= Inherent powers (United States) =

In United States law, inherent powers are the powers that a state officer or entity purports to hold under a general vesting of authority, even though they are neither enumerated nor implied.

==President of the United States==
The theory of inherent powers of the President derives from the loosely worded statements in the Constitution that "the executive Power shall be vested in a President" and the president should "take care that the laws be faithfully executed" (defined in practice, rather than by constitutional or statutory law). This theory was first articulated in 1793 by Secretary of the Treasury Alexander Hamilton.

President Truman's attempt to seize private steel mills during the Korean War became one of the defining constitutional controversies over presidential emergency powers.
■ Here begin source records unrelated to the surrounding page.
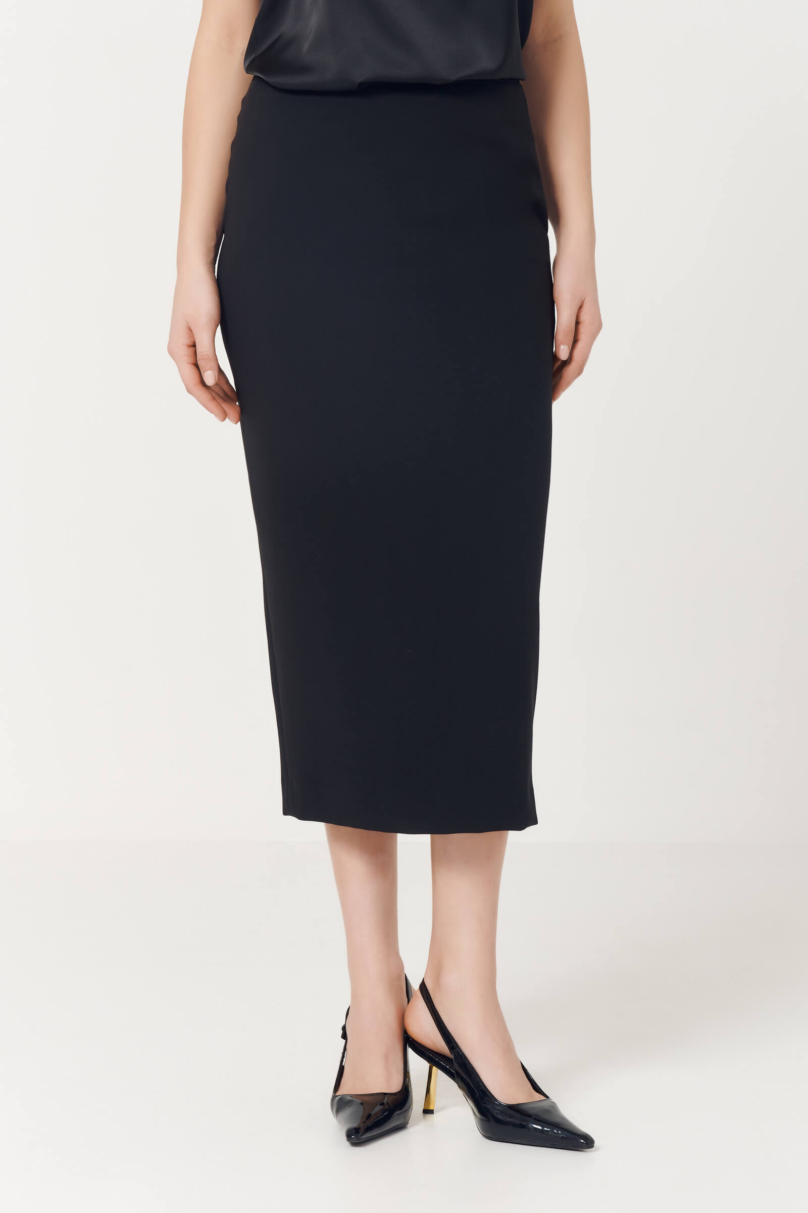 Юбка-карандаш — идеальное решение на случай, когда кажется, что надеть нечего. Лаконичная модель легко сочетается с трикотажем, блузками или жакетом в тон из той же линии, создавая элегантный тотал-лук.
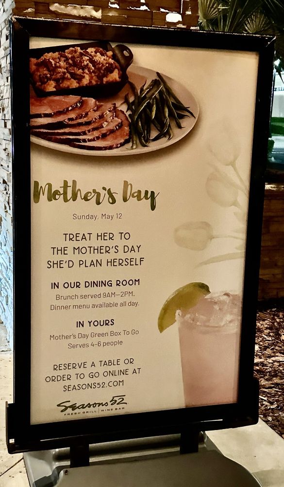 Pair your meal with a selection from their curated wine list, featuring noteworthy options such as Santa Julia Pinot Grigio and Acquisition Cabernet Sauvignon. Whether it's a romantic dinner or a family gathering, Seasons 52 promises exceptional service and delightful dishes that nourish both the body and soul.
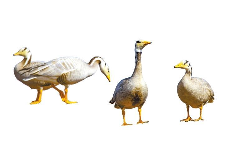 清晨的小蘇干湖最是動人。霧靄在湖面緩緩流動,將遠處的阿爾金山勾勒成淡墨色的剪影,蘆葦叢中突然傳來一陣“咕咕”的低鳴,幾只斑頭雁正抖落翅膀上的霜花,小心翼翼地走向水邊。它們是較早抵達的“客人”,每年初冬都會帶著雛鳥從青藏高原飛來,在這里補充能量。斑頭雁披著一身深淺不一的灰褐色羽毛,頭頂白色,飾有兩道黑色斑紋,在晨光中看去,宛如戴著一頂別致的黑白禮帽,顯得格外俏皮。它們不常遠行,多數時候只是在淺水區(qū)踱步,用扁平的喙撥開冰層下的水草,啄食藏在其中的水生昆蟲和植物種子。
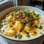 Transfer to bowls, sprinkle crispy bacon bits on top along with green onions for that extra flair! Enjoy every spoonful as if it were crafted by culinary angels—the kind who wear aprons made of clouds!
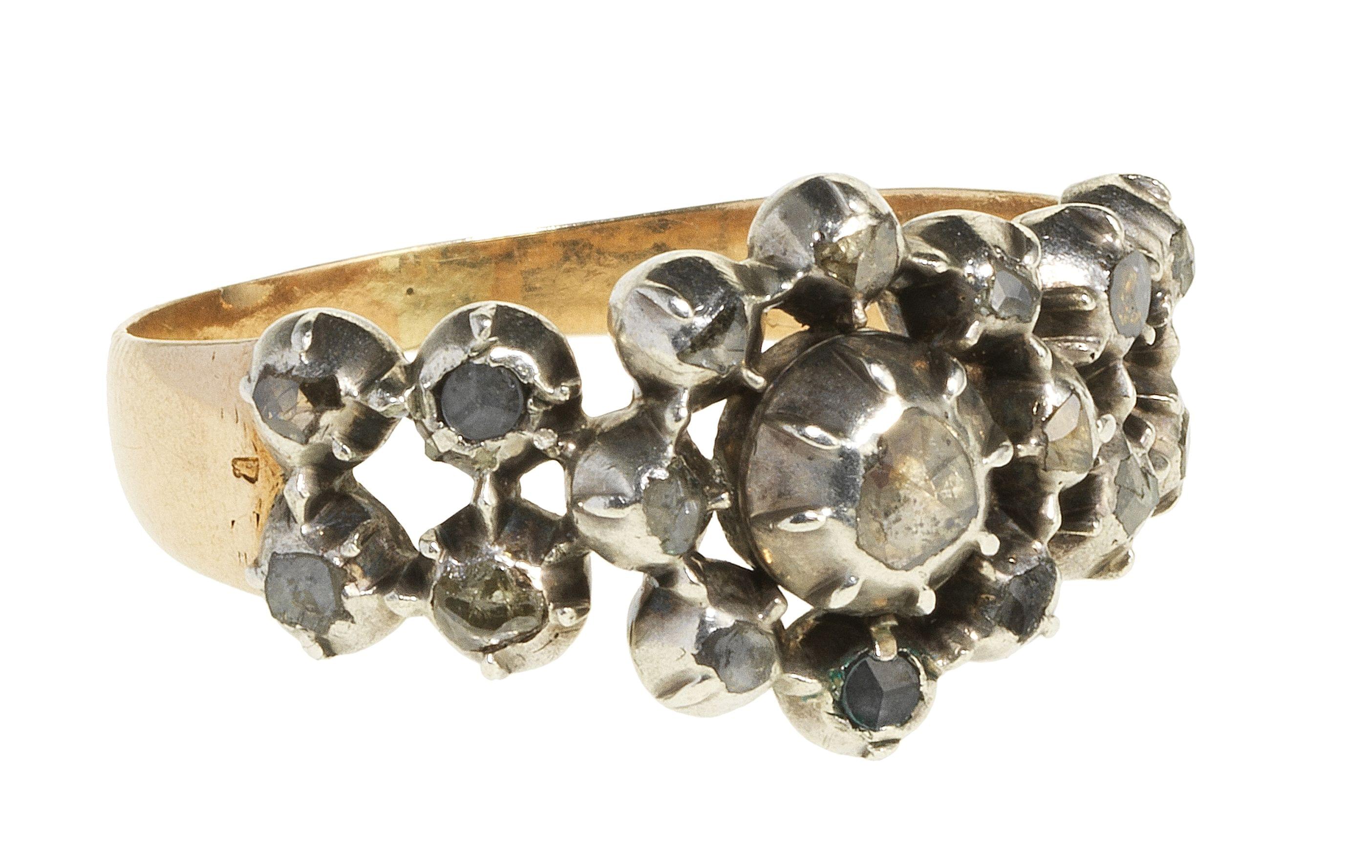 Travail ancien, probablement fin XVIIIe-début XIXe s, or et argent, doigt 67-27, poids brut 5 g. Pour les lots précédés d'un *, la TVA de 7,7% est due sur l'entier du prix d'adjudication.
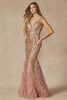 CM382 Ladivine Rose Gold Strapless Beaded Evening & Prom Dress Rose Gold
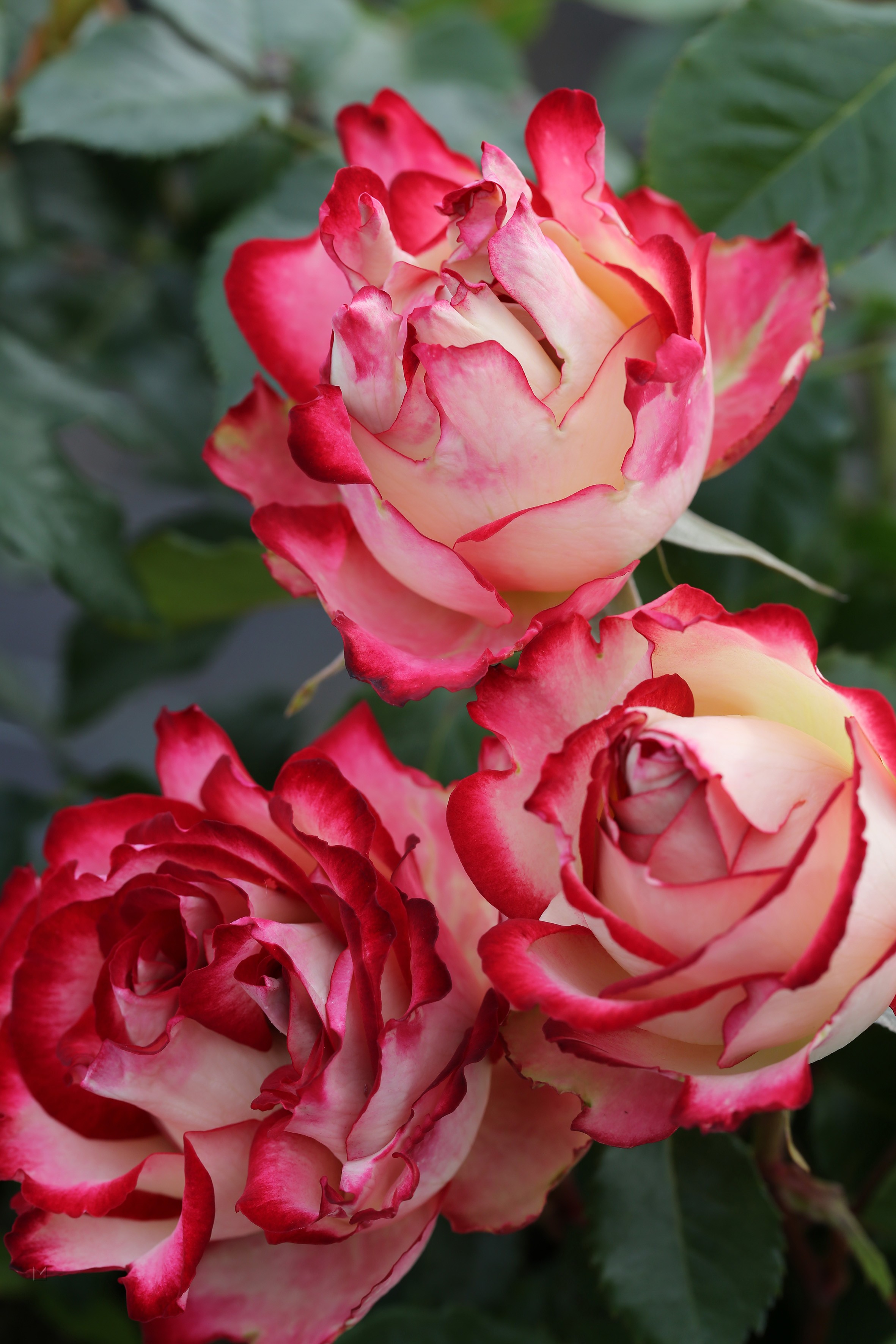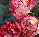 Двуцветная роза лепестки цветков белые с вишнево-красными краями.

Believing that a prolonged steel strike would seriously disrupt defense production and the broader domestic economy, the Truman administration ordered the seizure after efforts to resolve the labor dispute failed. Although the Supreme Court rejected the seizure in Youngstown Sheet & Tube Co. v. Sawyer (1952), the national emergency declared in 1950 remained in effect for more than two decades. During congressional debates over terminating that emergency, the Senate Special Committee on the Termination of the National Emergency relied heavily Justice Robert H. Jackson's concurring opinion in Youngstown, warning that the Founding generation "knew what emergencies were" and how they could become a "ready pretext for usurpation"—emergency powers being "consistent with free government" only when "their control is lodged elsewhere than in the Executive who exercises them."

The extent to which the President possesses exclusive Article II powers was left unresolved by the tripartite framework set out by Justice Jackson in that opinion. Chief Justice William Rehnquist, who had clerked for Justice Jackson during the case, later observed that a formally declared war might present different constitutional considerations.

==Judiciary==
Courts in the United States are recognized to have inherent powers to ensure the proper disposition of cases before them. At the federal level these include the powers to punish contempt, to investigate and redress suspected frauds on the court, to bar a disruptive person from the courtroom, to transfer a case to a more appropriate venue (forum non conveniens), and to dismiss a case when the plaintiff or prosecutor fails to pursue it.

In re Debs was a Supreme Court decision involving Eugene V. Debs and labor unions. Debs (president of the American Railway Union) was involved in the Pullman Strike earlier in 1894, and challenged the federal injunction ordering the strikers back to work. The injunction had been issued because of the hindrance to transportation of mail. However, Debs refused to end the strike, was cited for contempt of court, and appealed. The main question being debated was whether a federal court had a right to issue the injunction, which dealt with both interstate and intrastate commerce and shipping on rail cars. The court ruled that the government had a right to regulate interstate commerce and ensure the operations of the Post Office, along with a responsibility to "ensure the general welfare of the public."